Low specific capacity and poor cycling performance are two main problems of Mn-based oxides that hinder their application in aqueous zinc-ion batteries (ZIBs). Herein, we design a facile sacrificial template method to construct a unique three-dimensional macroporous honeycomb-like hollow carbon matrix, and then grow ultrasmall Mn3O4 nanocrystalline with the diameter of 5 nm inside the hollow carbon matrix. The composite has large surface area (56.9 m2 g−1) and high Mn3O4 content (about 47.1%). When the composite is used as the cathode material of ZIBs, it exhibits extraordinary discharge capacity of 845 mAh g−1 at 1 A g−1, impressive rate capability with average discharge capacity of 46 mAh g−1 at 10 A g−1, and superior long-term cycling performance with discharge capacity of 123 mAh g−1 at 5 A g−1 after 800 cycles.
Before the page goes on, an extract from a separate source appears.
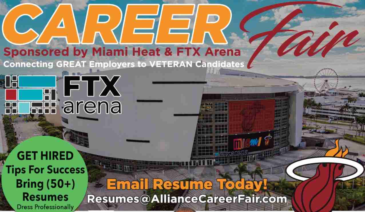 CAREER FAIR BY THE MIAMI HEAT & FTX ARENA: Plan on meeting human resource professionals, recruiters, and hiring managers from more than 40 firms representing more than 100 brands, Thursday, Aug. 25, 10 a.m. – 2 p.m., Miami HEAT FTX Arena, 601 Biscayne Blvd., Miami. More than 1,000 career opportunities, part-time, full-time, hybrid, and 100% remote positions ranging from $20 to $50 per hour or $42,000 to over $100,000 per year and up. Many companies are committed to hiring veterans and encourage them to attend, as well as general public career seekers. Attendees must bring their updated resumes (50 printed copies), dress professionally for on-the-spot interviews, offers, and prepare to speak with employers with open positions from in office, hybrid, and 100% remote positions at the in-person Career Fair, taking place at the Miami HEAT FTX Arena. National and local companies from all industries including the Miami Heat, FTX Arena, healthcare, information technology (IT), engineers, banking, gaming, aviation, manufacturing, hospitality, retail, government and more are seeking entry level, supervisors, managers, project managers, directors, vice presidents to executive management candidates. Veterans are encouraged to attend. All Attendees are asked to park at the P2 Parking Garage and enter at Gates 1 and 2. Free parking will be validated with printed resume. Please email resumes for advance consideration to resumes@alliancecareerfair.com.

Electrochemical kinetics measurements and ex-situ XRD, SEM and TEM further demonstrate that the macroporous honeycomb-like hollow carbon matrix significantly increases electronic conductivity and structural stability of Mn3O4. Besides, electrochemical activity and surface capacitive effect of Mn3O4 are also greatly enhanced by its ultrasmall size.